24 August 2017 11:05 (UTC+04:00)

By Laman Ismayilova

UNICEF, the United Nations Children’s Fund continues to make efforts for peaceful settlement of the Armenia-Azerbaijan Nagorno-Karabakh conflict and hopes that it is able to ensure the protection of children affected by the conflict.

This was stated in the reply of UNICEF’s executive director to the appeal of the Azerbaijani Ombudsman on murder of 2-year-old Zahra Guliyeva and her grandmother following the shelling Alkhanli village of Azerbaijan’s Fuzuli region by the Armenian armed forces on July 4, 2017, Trend reports.

Azerbaijani Ombudsman Elmira Suleymanova’s appeal was sent to the UN Secretary General, UN Security Council and UN High Commissioner for Human Rights, UNESCO, Organization of Islamic Cooperation (OIC), European Commission, Council of Europe, OSCE, International Ombudsman Institute (IOI), European Ombudsman Institute (EOI), Asian Ombudsman Association, International Peace Bureau, ombudsmen of various countries, embassies of Azerbaijan in foreign countries and embassies of foreign countries in Azerbaijan, as well as Azerbaijan’s diaspora organizations.

 “As it was previously noted in March by the UN Secretary General, the UNICEF supports the appeal to the parties to the Nagorno-Karabakh conflict to refrain from any actions that could violate the ceasefire and demonstrate resoluteness in its peaceful settlement,” the letter reads.

“No community, no family has to suffer from the loss of children as a result of armed conflicts, says the letter.”

UNICEF further added that its Baku office will continue to provide assistance in the protection of children and youth.

Armenia constantly resorts to vile military provocations with the aim to kill Azerbaijani citizens who live their quiet life in frontline settlements.

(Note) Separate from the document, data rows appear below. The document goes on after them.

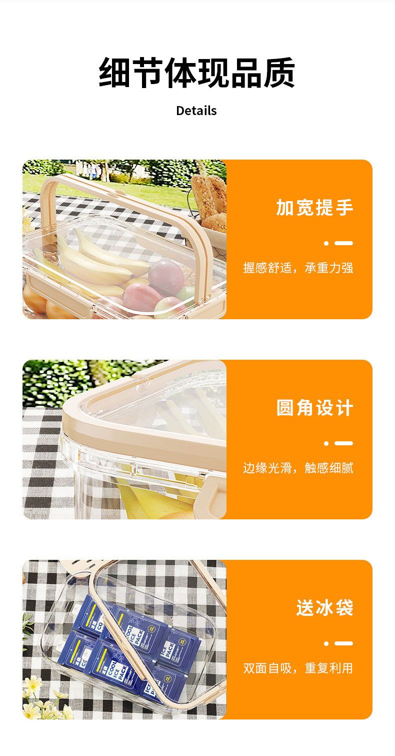 滕玄 Портативная портативная коробка для хранения свежих продуктов на открытом воздухе, герметичная коробка для обеда с фруктами и пикником для весенней прогулки 1563
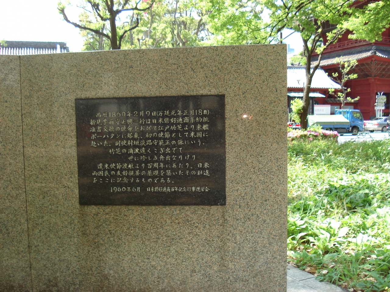 万延元年(1860年)日米修好通商条約批准書交換のため使者一行が竹芝からアメリカに赴いた。
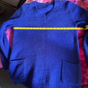 This Susan Graver sweater in a striking blue hue features a classic V-neck and a comfortable knit design. Its long sleeves and relaxed fit make it a versatile addition to any wardrobe, perfect for adding a pop of color to your outfit. Tags of brand are off but you can find it on google. Size is M. Excellent conditions.

However, the international community turns a blind eye to these terrible crimes, as Armenia still remains unpunished for them.

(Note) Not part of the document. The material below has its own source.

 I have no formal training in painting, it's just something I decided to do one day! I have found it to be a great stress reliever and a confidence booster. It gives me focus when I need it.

 The indifference of the international community to these provocations is one of the main reasons why the Armenia-Azerbaijan Nagorno-Karabakh conflict is still unresolved.

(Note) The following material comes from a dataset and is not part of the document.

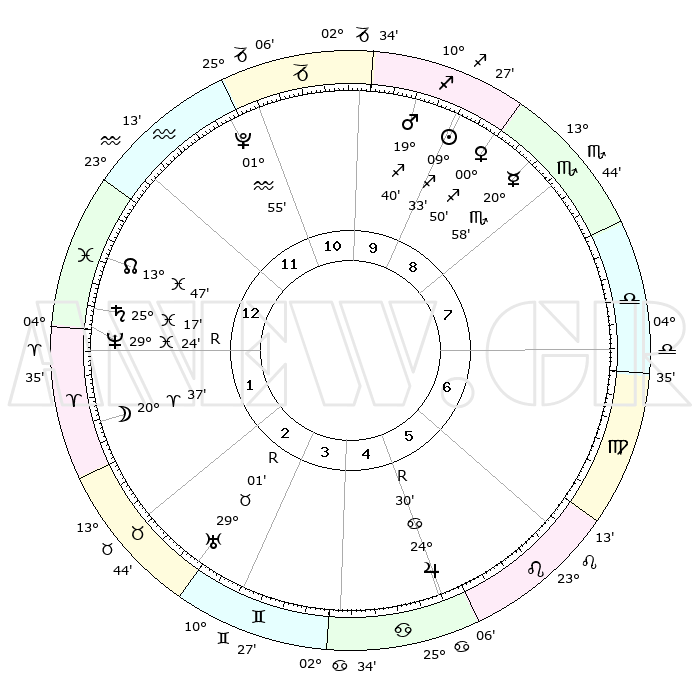 | | ΘΕΣΕΙΣ ΠΛΑΝΗΤΩΝ ΑΣΤΡΟΛΟΓΙΚΟΥ ΧΑΡΤΗ ΤΗΣ ΣΤΙΓΜΗΣ ΑΥΤΗΣ | | | | Πλανήτης | Ζώδιο | Μοίρες | Δεκαήμ. | Σε οίκο | Απόκλιση | | Ακμές των οίκων | | Ηλιος | Τοξότης | 09°30' | Πρώτο | 9 | 21 S 52 | | 1ος | 12°14' | Ιχθείς | | Σελήνη | Κριός | 20°04' | Τρίτο | 1 | 10 N 34 | | 2ος | 26°10' | Κριός | | Ερμής | Σκορπιός | 20°58' | Τρίτο | 8 | 15 S 28 | | 3ος | 26°34' | Ταύρος | | Αφροδίτη | Τοξότης | 00°47' | Πρώτο | 9 | 19 S 38 | | 4ος | 19°54' | Δίδυμοι | | Αρης | Τοξότης | 19°39' | Δεύτερο | 9 | 23 S 42 | | 5ος | 11°40' | Καρκίνος | | Δίας | Καρκίνος | 24°30'R | Τρίτο | 5 | 21 N 22 | | 6ος | 06°37' | Λέων | | Κρόνος | Ιχθείς | 25°17' | Τρίτο | 1 | 04 S 03 | | 7ος | 12°14' | Παρθένος | | Ουρανός | Ταύρος | 29°02'R | Τρίτο | 3 | 19 N 44 | | 8ος | 26°10' | Ζυγός | | Ποσειδώνας | Ιχθείς | 29°24'R | Τρίτο | 1 | 01 S 29 | | 9ος | 26°34' | Σκορπιός | | Πλούτωνας | Υδροχόος | 01°55' | Πρώτο | 11 | 23 S 24 | | 10ος | 19°54' | Τοξότης | | Β. Δεσμός | Ιχθείς | 13°47' | Δεύτερο | 1 | 06 S 23 | | 11ος | 11°40' | Αιγόκερως | | Ωροσκόπος | Ιχθείς | 12°14' | Δεύτερο | | | 12ος | 06°37' | Υδροχόος | | Μεσουράνημα | Τοξότης | 19°54' | Δεύτερο | | | |

Azerbaijan and Armenia for over two decades have been locked in the Nagorno-Karabakh conflict, which emerged over Armenian territorial claims. Since the 1990s war, Armenian armed forces have occupied over 20 percent of Azerbaijan's internationally recognized territory, including Nagorno-Karabakh and seven adjacent regions. The UN Security Council adopted four resolutions on Armenian withdrawal, but they have not been enforced to this day.